Even leek het alsof ze niet goed wist wat ze daarvan moest denken. ‘Ik ben ook blij dat ik er ben. Bedankt voor de uitnodiging.’
Hij schraapte zijn keel terwijl hij nadacht. ‘Het leek me wel leuk om je het terrein te laten zien.’
‘Te paard?’
‘Er is een mooi plekje bij de rivier,’ zei hij, wat geen antwoord was op de vraag.
‘Is het romantisch?’
Luke wist ook niet goed wat hij daarop moest zeggen. ‘Ik vind het er mooi,’ zei hij haperend.

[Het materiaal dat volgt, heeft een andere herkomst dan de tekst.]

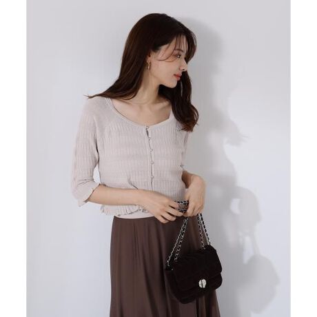 接触冷感のあるニットアンサンブルです。カーディガンもタンクトップも前後2wayで着られるデザイン。カーディガンは袖口と裾のフリルデザインを入れ、きらっと光る小さいボタンがポイントです。ショート丈なので脚長効果を期待できます。
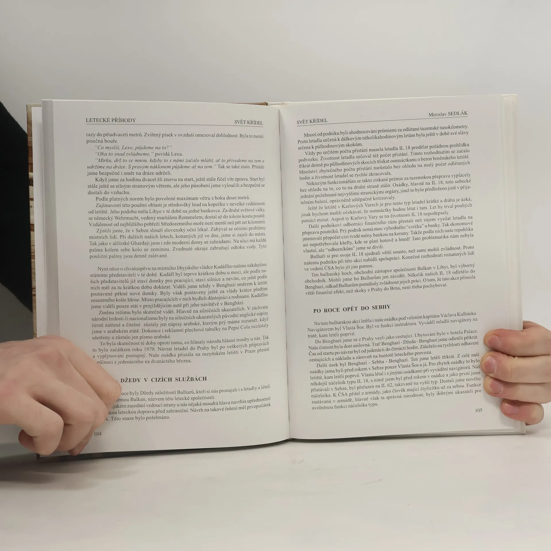 Kniha vypráví o dobrodružném životě zkušebního pilota Miroslava Sedláka od jeho pilotních začátků až po odchod do důchodu po dlouholeté práci pro Národní podnik Aero Vodochody. Během svého života procestoval různé kouty světa a barvitě popisuje příhody, které se mu na této cestě přihodily. Byl jedním z mála pilotů, kteří létali v Africe, v republice Mali. Za sedmatřicet let prožitých za kniplem letadel sám prožil mnoho okamžiků veselých,méně veselých, smutných i tragických. Právě nejedna letecká tragédie se dotkla přímo autora nebo jeho blízkých přátel. Cenný je i souhrnný přehled leteckých havárií, katastrof a únosů letadel, který knihu doplňuje.

‘Dat is goed genoeg,’ zei ze lachend. Ze wees naar de laarzen in zijn hand. ‘En die zijn zeker voor mij?’
‘Ze zijn van mijn moeder. Ik weet niet of ze je passen, maar ze helpen wel met de stijgbeugels. Ik heb er een paar sokken in gestopt. Die zijn van mij en waarschijnlijk te groot, maar ze zijn schoon.’
‘Ik geloof je,’ zei ze. ‘Als je auto’s kunt repareren en huizen kunt bouwen, weet je vast ook wel hoe een wasmachine werkt. Mag ik ze passen?’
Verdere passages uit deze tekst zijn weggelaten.